As reported first in http://lists.debian.org/debian-ia64/2012/01/msg00016.html, I'm getting stability issues with kernel > 2.6.38. I've bisected the problem to commit 37a9d912b24f96a0591773e6e6c3642991ae5a70 (futex: Sanitize cmpxchg_futex_value_locked API). Here are some issues that can be easily observed: - in a X session (tested under GNOME Classic as well as TWM), hitting the Tab key while in a terminal window instantly triggers a X restart. X isn't crashed as I wrongly assume initially. From the logs, it's definitely properly shut down and restarted - still in a X session, clicking on the "Edit" menu or "Back button" of Firefox/Iceweasel triggers a crash of Firefox/Iceweasel. For this scenario, I have some kind of gdb stack trace in PulseAudio, before gdb itself goes wrong (more on this later; core file available) First investigations let me wrongly assume that these issues were related to something bad in PulseAudio, as uninstalling PulseAudio fixed both of them (Tab key in a terminal issue and Firefox/Iceweasel crash). However, other crashes make me believe that PulseAudio was only a evidence of something more general broken since the bisected commit. Most notably, gdb can't be started at all. Every attempts to debug a program immediately ends up with a SIGTRAP signal. Quite problematic to debug further... It's noteworthy that the exact same system doesn't exhibit these issues when rebooted with kernel 2.6.38 (Debian linux-image-2.6.38-2-mckinley if needed).
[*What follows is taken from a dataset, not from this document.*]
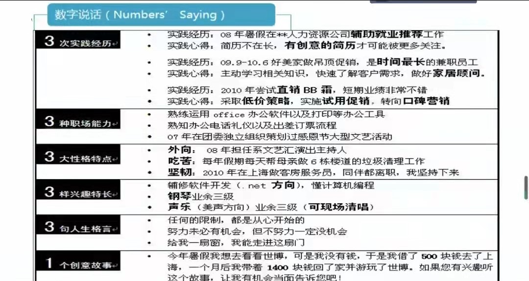 最后余洁为同学们推荐了“3+1+3”撰写简历的方法,强调在简历中要量化指标和数字,要清晰地展示出自己的具体的能力,结合应聘岗位的具体需求撰写自己的相关能力,余洁说到并没有所谓的万能简历,简历中要提供用人单位所需要的信息,根据用人单位需求撰写自己的简历,才能吸引招聘者的目光,获得就业机会。
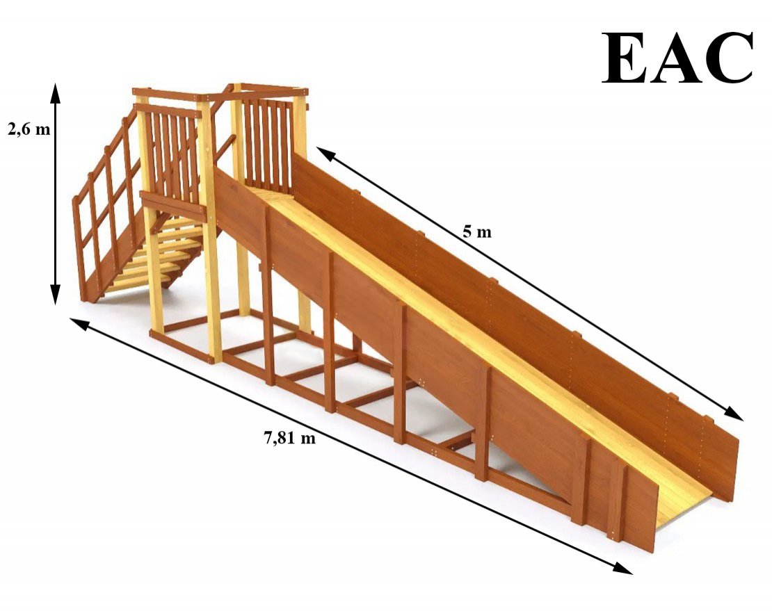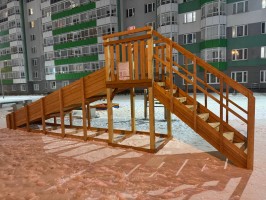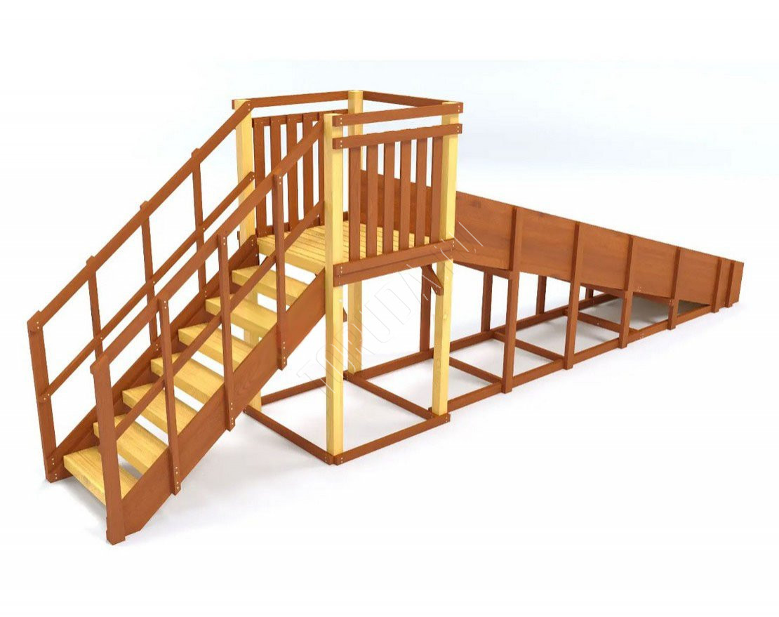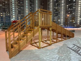Каркас зимней горки сделан из прочного клееного бруса. Он может эксплуатироваться в любую погоду и служить при этом в течение долгих лет, сохраняя форму. От осадков материал защищен лакокрасочным покрытием на натуральной основе. Все элементы модели сертифицированы и соответствуют ГОСТ (Декларация ТР ЕАЭС 038).

While also testing GL rendering on my system, trying to run ioQuake3-based Quake 3 demo gives at startup: ------ Initializing Sound ------ Assertion 'pthread_mutex_unlock(&m->mutex) == 0' failed at pulsecore/mutex-posix.c:106, function pa_mutex_unlock(). Aborting. ----- Client Shutdown (Received signal 6) ----- RE_Shutdown( 1 ) So, still triggered in PulseAudio, but definitely mutex-related...
Forwarded to the linux-ia64 list, though I chose a poor subject line. http://thread.gmane.org/gmane.linux.kernel/1111752/focus=22096
Created attachment 72915 [details] proposed patch I think I found the problem. GCC re-orders code because it does not know that the ia64 fault handler may change the value of register r8 to -EFAULT
Hello, Just rebuilt kernel with patch proposed in attachment #72915 [details]. Issue fixed :-) Many thanks, Emeric PS: gdb is still returning early with SIGTRAP when debugging Iceweasel (didn't have time to try other programs). However every other reported issues (futex test suite, Tab keystroke in a terminal window, Iceweasel's buttons and menus, ioQuake3-based Quake 3 demo) now work fine. So it may be a problem with gdb itself.
Fix (slightly modified from patch attached here because Linus pointed out that we should tell GCC that the __asm__ code modifies r8) is now upstream: http://git.kernel.org/?p=linux/kernel/git/torvalds/linux.git;a=commitdiff;h=c76f39bddb84f93f70a5520d9253ec0317bec216
New patch version works flawlessly. Thanks, Emeric